* [GIVEN DATA]
Segment Open

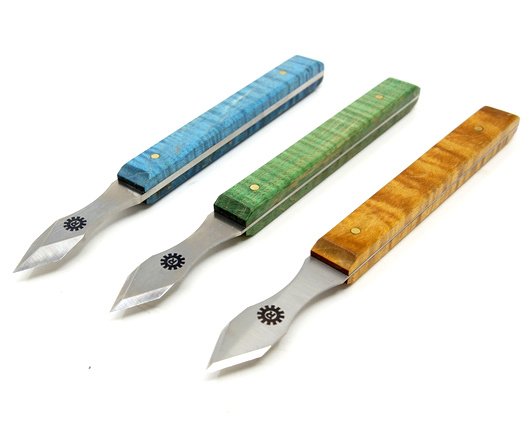 Sada rýsovacích nožů 3ks Richter Narex 8689 99 Jubilejní sada 3 rýsovacích nožů, vyrobená ke 105. výročí založení značky Narex, původně pod názvem Richter Extra. limitovaná edice v luxusní papírové krabici pevné čepele z nerezové oceli s výřezy pro prsty speciálně barvené a leštěné střenky z figurovaného javorového dřeva střenky jsou k čepeli pevně připevněny mosaznými nýtky tenčí čepele umožňují přesnější značení silnější čepele nabízejí větší odolnost síla čepele: viz níže Sada obsahuje: 0,75 mm 1,2 mm 2,5 mm
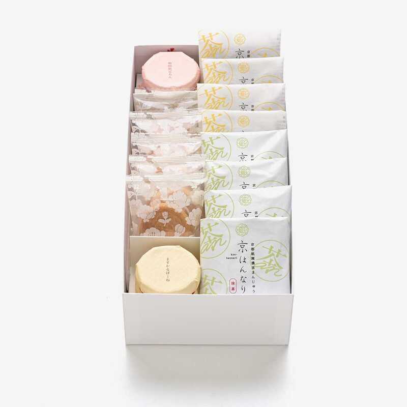 【あんぽーね(栗きなこ)】『北海道産大豆の特製深煎りきな粉』と『国産栗』を練り込んだ栗きなこ餡です。深煎りにした香ばしいきな粉の風味と秋の味覚『国産栗』を惜しげもなく使用したあんこと自家製マスカルポーネクリームの爽やかな甘さ味わいの融合をお楽しみ下さい。【京はんなり(抹茶)(ほうじ茶)】京都宇治の抹茶やほうじ茶を、丁寧に炊き上げた白あんにたっぷり練り込み香り豊かな生地で包み込んだしっとりとしたお饅頭です。
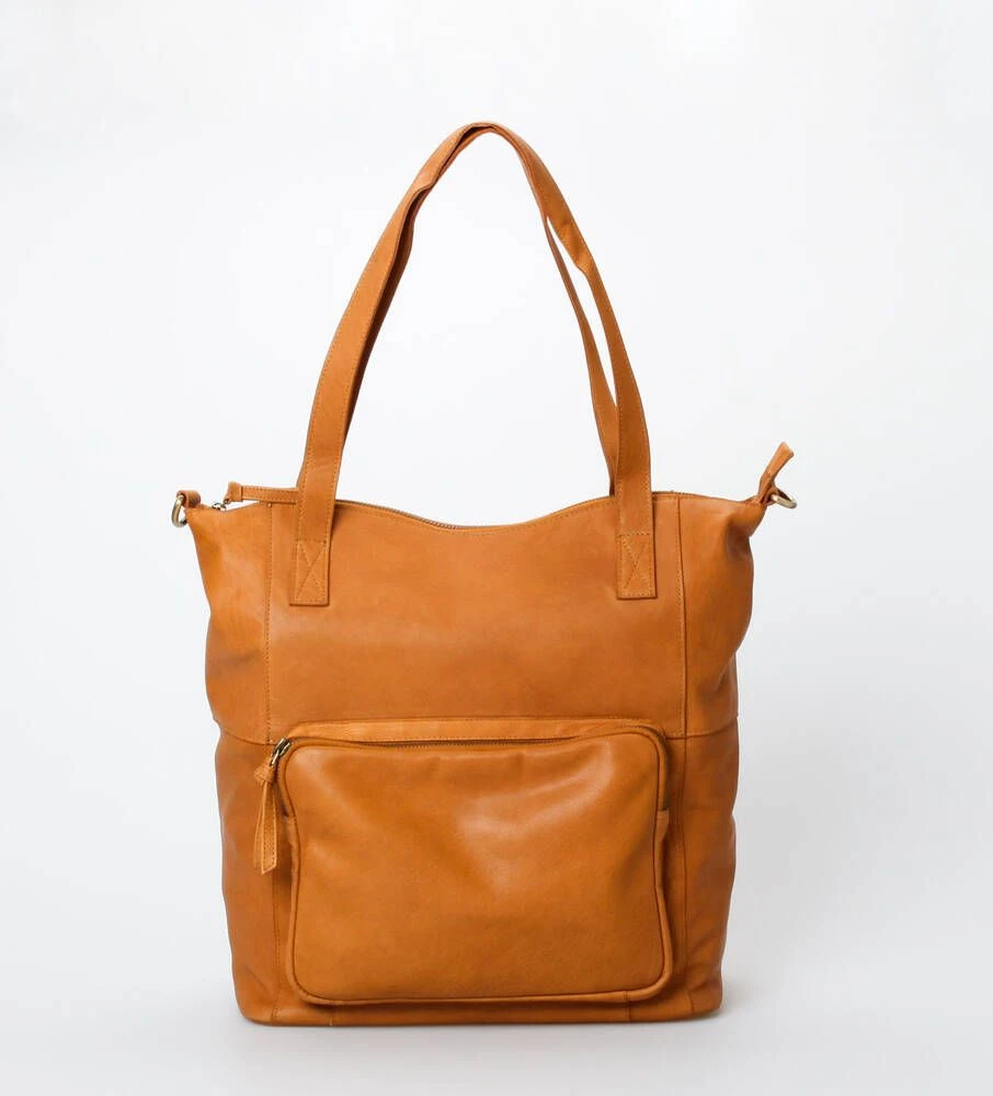 Nahkapintainen olkalaukku käsikahvoilla sekä säädettävällä ja irrotettavalla olkahihnalla.

Segment Closed

* [YOUR INSTRUCTIONS] Could the data above be returned in full, exactly, with every image left out?

* [REPLY]
 Sada rýsovacích nožů 3ks Richter Narex 8689 99 Jubilejní sada 3 rýsovacích nožů, vyrobená ke 105. výročí založení značky Narex, původně pod názvem Richter Extra. limitovaná edice v luxusní papírové krabici pevné čepele z nerezové oceli s výřezy pro prsty speciálně barvené a leštěné střenky z figurovaného javorového dřeva střenky jsou k čepeli pevně připevněny mosaznými nýtky tenčí čepele umožňují přesnější značení silnější čepele nabízejí větší odolnost síla čepele: viz níže Sada obsahuje: 0,75 mm 1,2 mm 2,5 mm
 【あんぽーね(栗きなこ)】『北海道産大豆の特製深煎りきな粉』と『国産栗』を練り込んだ栗きなこ餡です。深煎りにした香ばしいきな粉の風味と秋の味覚『国産栗』を惜しげもなく使用したあんこと自家製マスカルポーネクリームの爽やかな甘さ味わいの融合をお楽しみ下さい。【京はんなり(抹茶)(ほうじ茶)】京都宇治の抹茶やほうじ茶を、丁寧に炊き上げた白あんにたっぷり練り込み香り豊かな生地で包み込んだしっとりとしたお饅頭です。
 Nahkapintainen olkalaukku käsikahvoilla sekä säädettävällä ja irrotettavalla olkahihnalla.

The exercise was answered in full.